When you do the maths, it is quite staggering how much money can be saved.

Our automation solutions are deeply integrated with our customers’ ATS databases, helping reduce the overall “cost of placement” and shorten lead times to fill roles. Precision, speed, and the broad range of automation features offer our customers a competitive advantage.

Q. Beyond your technological capabilities, what makes Daxtra stand out in APAC and globally?

APAC, specifically, is unique from a languages perspective, being home to 4.5 billion people who speak 2300 languages across 28 linguistic families in total. Luckily for us, nearly 99% of all CVs here are written in just eight languages – Chinese, English, Japanese, Russian, Korean, Vietnamese, Malay/Indonesian and Thai.

So, accordingly, we focused our efforts on those languages and made sure our linguistic software can handle them well. As we process more data in those languages, the software gets more and more accurate, it is a continuous learning project.

The new big thing that we are working on is better cross-language matching – if a job description is written in Chinese, for example, you do not want to miss out on suitable candidates who submitted their CVs in English.

This is now available for Japanese (to English and back), Chinese and several European

languages.

Q. As global events cause fluctuations and shifts in the job market, is Daxtra set up to deal with an ever-changing environment?

With the current disruption due to COVID-19, we are seeing some immediate and substantial changes. Companies most severely affected by the downturn are understandably cautious about spending money, but even those with fewer jobs to fill are most likely handling increased volumes of applications lately.

In any such crisis, the situation flips.
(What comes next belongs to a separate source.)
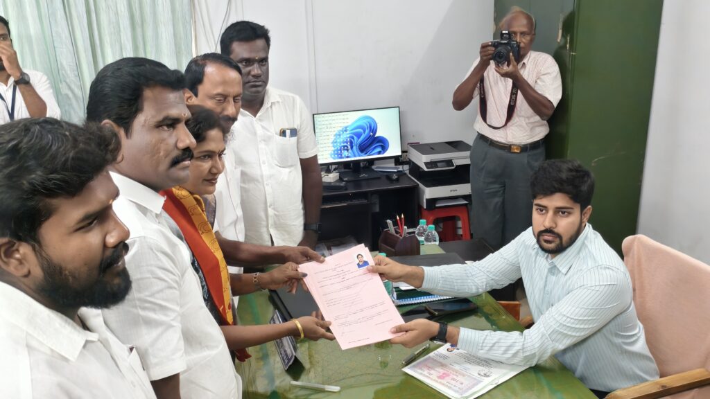 தமிழக வெற்றிக்கழக திருப்பூர் வடக்கு தொகுதி வேட்பாளர் திருமதி சத்தியபாமா அவர்கள் தனது வேட்பு மனுவை தாக்கல் செய்தார் உடன் முன்னாள் அமைச்சர் கோபி செங்கோட்டையன். நிர்வாகி வெள்ளத்துரை உள்ளிட்ட நிர்வாகிகள் உடனிருந்தனர்
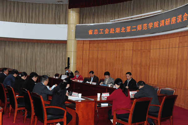 本网讯(融媒体记者 刘劲知 吴何玉)11月5日上午,省总工会党组成员、副主席刘晓林,省教科文卫体工会主席胡东红等一行到beat365官网考察调研,并在行政楼一号会议室召开调研座谈会。校党委书记张国秀及有关教学学院、职能部门负责人参加座谈会。副校长、工会主席陈勇主持座谈会。

Now, we are in a situation where we have an abundance of resumes, candidates and jobseekers but not enough vacant jobs.

The benefit of staying in touch with your talent community during such a period is that candidates will, later, be happier to engage with a company that has shown it cares - whilst keeping in mind that some of those candidates may one day become clients.
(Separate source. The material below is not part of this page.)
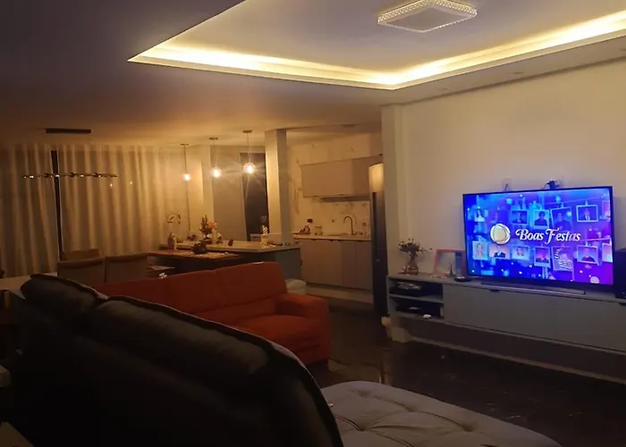 Situated nearly 25 minutes' walk from the Morro do Careca, the 4-bedroom Beach House Delegado Marcio Balneario Camboriu villa features a terrace with views of the pool. Offering a swimming pool, this beachfront villa invites guests to visit the Pr do Pinho Nudist Beach, located around 3 km away.

It is important to try and capitalise on this. The question is, how do you do this if your own workforce has shrunk? That’s where Intelligent Automation (IA) can help.

Taking a broader view on the near to mid-term future, for the most part, the industry is still on a clear path towards further consolidation in both the Recruitment and the RecTech sectors.

Also, as more corporate organisations are bringing Talent Acquisition teams in-house, we will be seeing increased competition between recruitment agencies and their own clients.

In the RecTech space most notably, several relatively new technologies are gaining strongholds in the current shrinking economy. AI-based chatbots and candidate engagement tools are likely to grow significantly in popularity, along with “autonomous staffing”.

The traditional “bricks and mortar” agency model will start giving way to an automated approach as more hi-tech staffing firms are increasingly filling positions with minimal human involvement. AI and IA are progressing at such a rapid pace that more and more positions will be filled autonomously in the coming few years.